Aoyuan on how to roll over China bond approvals

The Guangzhou-based property firm demonstrated the flexibility of China’s bond regulator, selling a bond after its approval had officially expired. Here is how it did it.

China Aoyuan was the first Asian issuer to tap the international bond markets this year, drawing impressive demand for its $250 million three-year note. By the end of marketing, the issuer had generated enough demand to sell the deal eight times over.

Successful deals tend to get plaudits for only a few days before they get replaced by the new hot issue. But China Aoyuan’s deal has continued to be discussed by investors and bankers. That is because the deal tested the boundaries of China’s notoriously hard-to-please bond regulators.

China Aoyuan came to the dollar bond market in January without official approval from the National Development and Reform Commission (NDRC), China’s powerful economic planning regulator. After bankers had spent much of December rushing their Chinese clients to the market, fearful that NDRC approvals would expire on December 31, China Aoyuan showed that a good relationship with the regulator can go a long way.

“To be the first issuer in the market this year, we needed to carefully manage expectations from our stakeholders and regulators,” Chan, head of corporate finance and investor relations at China Aoyuan, told FinanceAsia in an interview at the company’s harbourside offices in Tsim Sha Tsui.

China Aoyuan did not have explicit consent to sell a bond from the NDRC, Chan said. But the 36-year old, who described his experience in dealing with the regulator as  “constructive”, was able to get permission to roll his 2016 quota until early 2017.

“From what we understand from the NDRC, the officials want to get a clear picture of the use of proceeds from the debt sale,” Chan, formerly deputy head of the capital markets division at Agile Property, another Chinese property company.

Chan recommends that potential issuers make the effort to understand the pressures facing the regulators, being careful to avoid two hot button issues in particular.

"The renminbi weakness and capital outflow in China are part of their key concerns," Chan said. "You have to strike a compromise that shows your motive to issue an offshore dollar bond."

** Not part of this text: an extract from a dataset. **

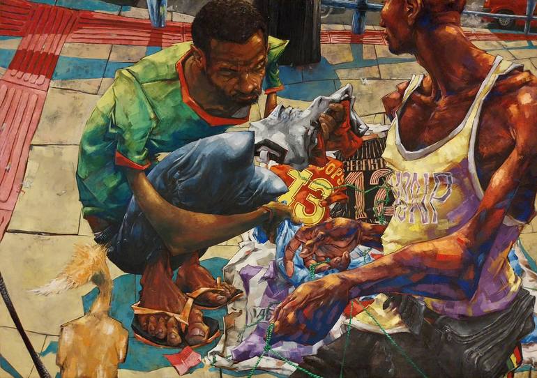 BIPOC street vendors have became a common view in everyday life at most Spanish cities, the only way, although a pretty precariosu one, of making a living for many refugees (mostly Africans, but also Arabs, Latino or Indopakistani people). This painting tires, somehow, to stand as a humble vindicati...

In most cases, Chinese issuers are given an annual quota telling them how much debt they can raise in a single year. Most issuers are unwilling to test quite how flexible the deadlines are for these quotas, but Aoyuan showed that was certainly an option.

After Aoyuan, at least two property developers — Yuzhou Properties and Guangzhou R&F — issued their dollar bonds under the 2016 quota, but Times Properties was able to get a quick 2017 quota before its $375 million deal on January 16.

China’s approval process for bonds leaves some issuers — and investors — scratching their heads. This is partly because several local debt market regulators are effectively in competition with one another. But it is also because a lot of regulatory guidance happens on an unofficial level, according to a senior DCM banker in Beijing.

An additional source of confusion came in the middle of last year when the NDRC’s Beijing bureau, overwhelmed by approval requests, asked issuers to turn to local offices for approval instead. Officials from China Aoyuan met NDRC officials in both Beijing and Guangzhou before pushing ahead with the January bond, Chan said.

Chan said that China Aoyuan remains open to other funding options besides the bond market. Two weeks after the bond, the Hong Kong-listed company sealed a HK$1.5 billion ($194 million) club loan, which will be used to redeem an outstanding $300 million 2019 bond.

“Lowering our borrowing cost is one of our key objectives,” said Chan, who expects the borrowing cost to drop further to mid 7% this year, down from 11.4% in 2013.

According to Dealogic, Asia ex-Japan G3 debt issuance rose more than 70% year-on-year to $66 billion in January, in part driven by dollar bond sales of Chinese property developers.

China Aoyuan was founded in 1997 by Guo Zi Wen. Cathay Capital Group, a private equity fund, was an early investor in the company, joining during pre-IPO fundraising in 2006, a year before the company listed in Hong Kong. Cathay Capital still owns a 12.9% stake in the firm.